Although anyone can fork and change the Signal clients, if you do so you're not allowed to use the official Signal servers, in other words, you can't communicate with anyone using the official Signal client.

See LibreSignal/LibreSignal#37 (comment)

[sneak]

A common misconception. Changing the clients and publishing a modified/forked client that connects to the official Signal servers is entirely permissible. The client is GPL, and you can put whatever URLs or server hostnames in your fork you wish, including the official Signal servers. Signal has no rights to dictate which lines of code you are required to change in your fork: the whole client is GPL.

The Signal TOS applies to users of the service. The GPL applies to the code.

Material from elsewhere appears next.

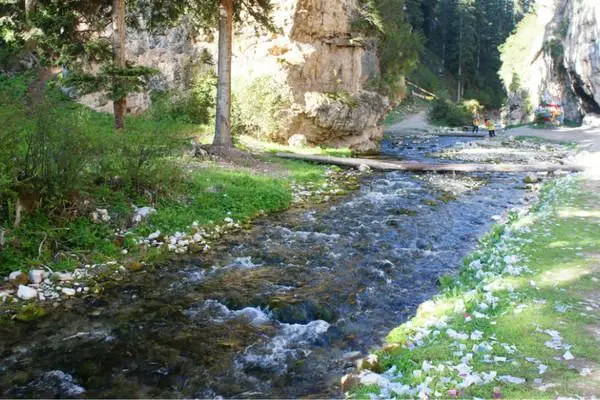 沿湖岸款步前行,越來越窄,轉過峽谷就看到小溪的源頭了,源頭從崖兩邊幾眼泉眼中潺潺涌出,清清淺淺地淌在碎石灘下,你不妨喝上兩口,這可是自然界中的純凈水,源頭之水,喝了會讓你感到一股沁人心脾的感覺。當地百姓管這泉水叫“乃溪”(圣水),是白龍江的源頭。此泉冬暖夏涼,天旱不枯,暴雨不澇,四季清澈見底。站在石灘上向左上方看去,在險峻的山坡上有一個洞穴俯視著泉眼,居高臨下,虎踞雄威,這就老虎洞。傳說這峽谷曾住著一條善良的白龍在此修道。有一年,山谷中突然發生了一場大火,大火蔓延,燃毀了樹林和莊稼,百姓無家可歸。正在修練的白龍見狀,想去拯救百姓,可神靈卻把它困在了巖石下,急得白龍渾身發抖黯然淚下,兩眼涌出一串串淚珠,淚珠沖破巖石,撲來了大火。從此這兩眼泉水再沒有間斷過,得救的百姓為感謝白龍的4恩德,便把從這泉眼中流出的河取名“白龍江”。從那以后,白龍江兩岸林木茂盛,人畜興旺。然而好景不長,一頭白額大虎常常從森林中出來傷害生靈。人們死的死,逃的逃,非常凄慘。一天,惡虎正在窮追來不及逃散的人們時,空中飄來一位慈祥的“仙女華爾旦納摩”,她用智慧降伏了惡虎,并把老虎關在石洞內,讓它日夜守護在白龍江源頭。人們過上了安居樂業的生活,而仙女“華爾旦納摩”因私自下凡而回不了天庭,就住進了仙女洞。從此這地方便有了“達倉納摩”這個美麗的名字。(藏語中虎穴叫“達倉”,仙女叫“納摩”)。連后來的格爾底寺也有“達倉納摩寺”之稱。

If Signal has an issue with legitimate Signal users using forked client code, that is an issue between Signal and those users, not a software publisher. It is common these days to conflate software and services, but the Signal TOS for the Signal web service does not apply to the Signal source code, only the GPL does.

The GPL allows you to fork the client, and the GPL allows you to retain the official Signal servers in that forked client.

Imagine if Google said you weren't allowed to visit google.com using Chromium: we'd rightly point that out as preposterous.

[pheki]

I guess you're technically right: legally anyone can modify the client.

Whether users of the fork are welcome in the service and may be banned if detected, though, is another story.